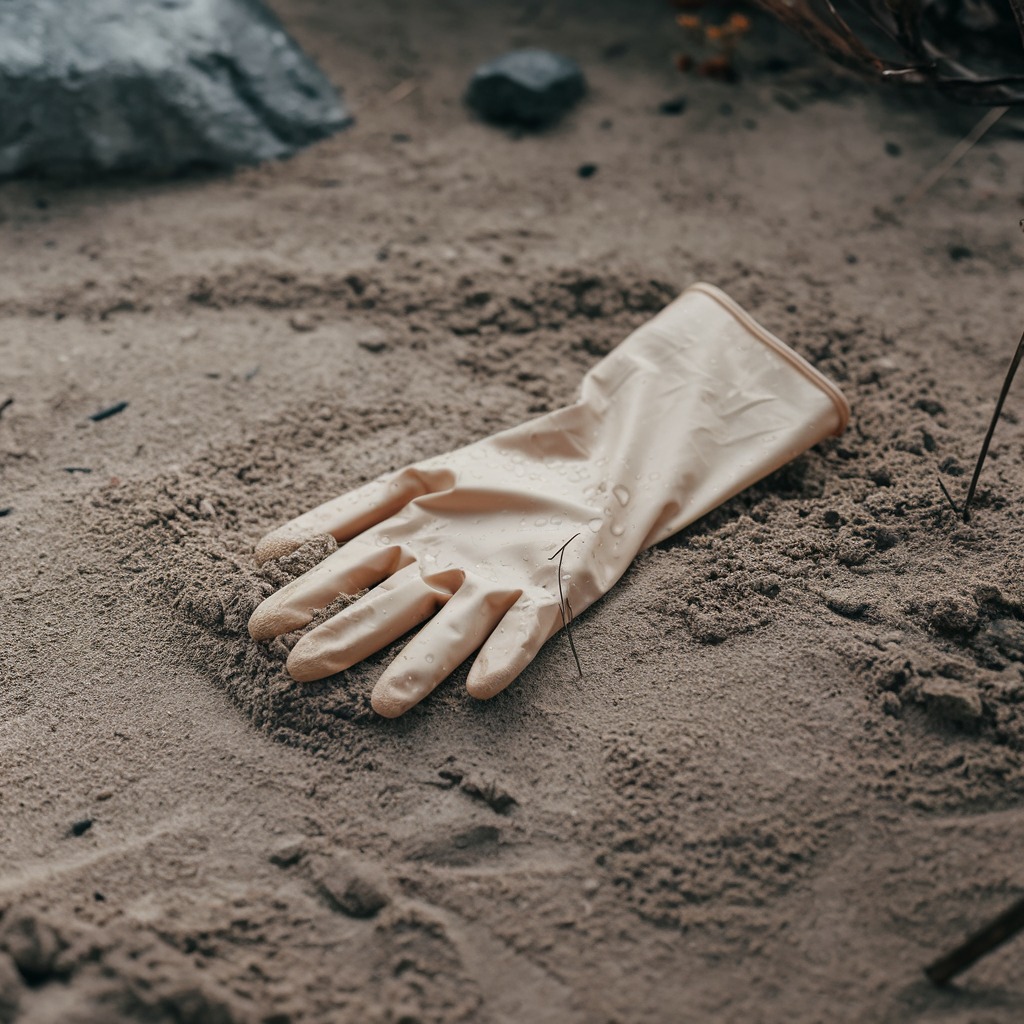 Before long, he returned, holding a dirt-covered shovel in one hand. But when he stepped inside, I noticed something else—an object in his other hand. It was a filthy skin-colored rubber glove, stained with soil and looking like it had been discarded after use. He held it up before me, his movements deliberate and unhurried.
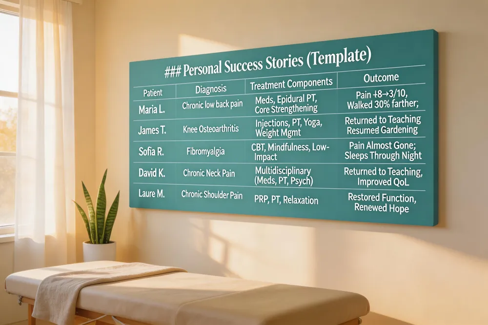Progress Timeline & Measured Outcomes: After 8 weeks, her numeric pain score fell from 8/10 to 3/10, she walked 30 % farther, and returned to classroom duties. A patient quote closes the story: “I finally feel like I can live again.”
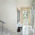 This geometric wallpaper features a honeycomb pattern lending to its modern design. Its stunning off-white, teal, and metallic hues add a layer of depth perfect for any space. Kendall is an unpasted, non woven wallpaper.
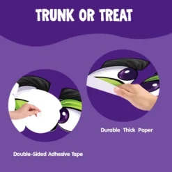 Do a Frankenstein trunk or treat event and adults can decorate the back of their cars for Halloween, load up on candy, and come sit in a parking lot for kids to “trick or treat” from car to car. In full Halloween costumes, and holding out bags or plastic pumpkins for treats, hundreds of children will occasionally arrive. While taking in all the adorable costumes, the grownups get to interact and express their creativity. This Frankenstein trunk or treat is a design with a really huge size. The forehead measures 35 inches for the largest. Eyes measure 15 inches for the largest. Safe for children, non-toxic, non-BPA. Meet US toy standards. Safety test approved. Great Halloween decor choice for your home and vehicles. These Halloween trunk or treat car decorations kit will decor your front yard and make for fun party games as trick-or-treaters come to visit. Each pack includes 1 huge forehead design, 2 huge eyes, 2 ears, 2 hands, 2 bolt nostrils, fangs, and 60 dot glues. We designed this to be used as a trunk or treat decoration but it can also be used as a Halloween front door or room decor.
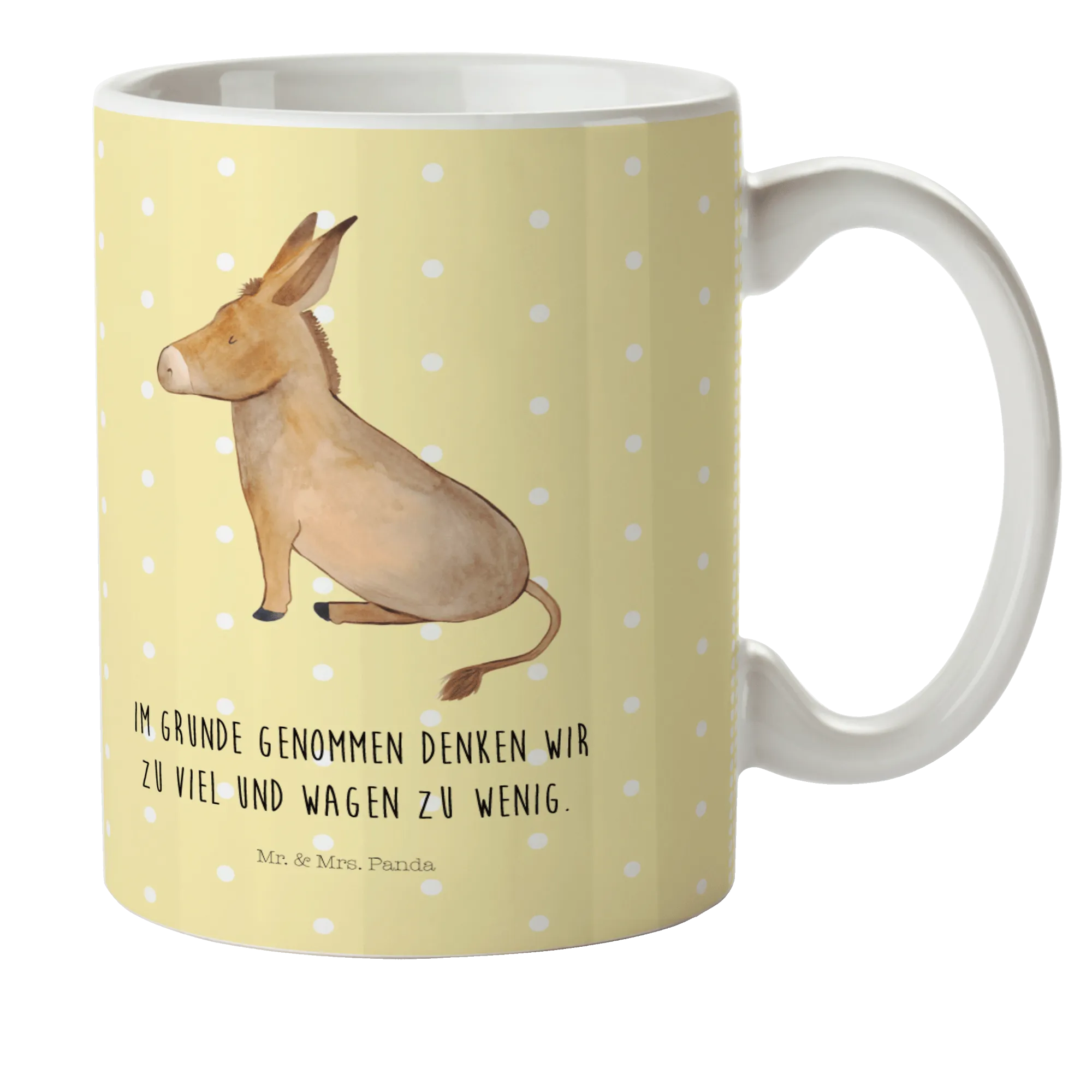 Kindertasse Esel - mit Spruch - Gelb Pastell
======
### Problem description
Above are the records; please give again, exactly and in full, only the lines that run from the line with "Progress Timeline &" through the line with "This geometric wallpaper", with no pictures.

### Answer to this exercise
Progress Timeline & Measured Outcomes: After 8 weeks, her numeric pain score fell from 8/10 to 3/10, she walked 30 % farther, and returned to classroom duties. A patient quote closes the story: “I finally feel like I can live again.”
 This geometric wallpaper features a honeycomb pattern lending to its modern design. Its stunning off-white, teal, and metallic hues add a layer of depth perfect for any space. Kendall is an unpasted, non woven wallpaper.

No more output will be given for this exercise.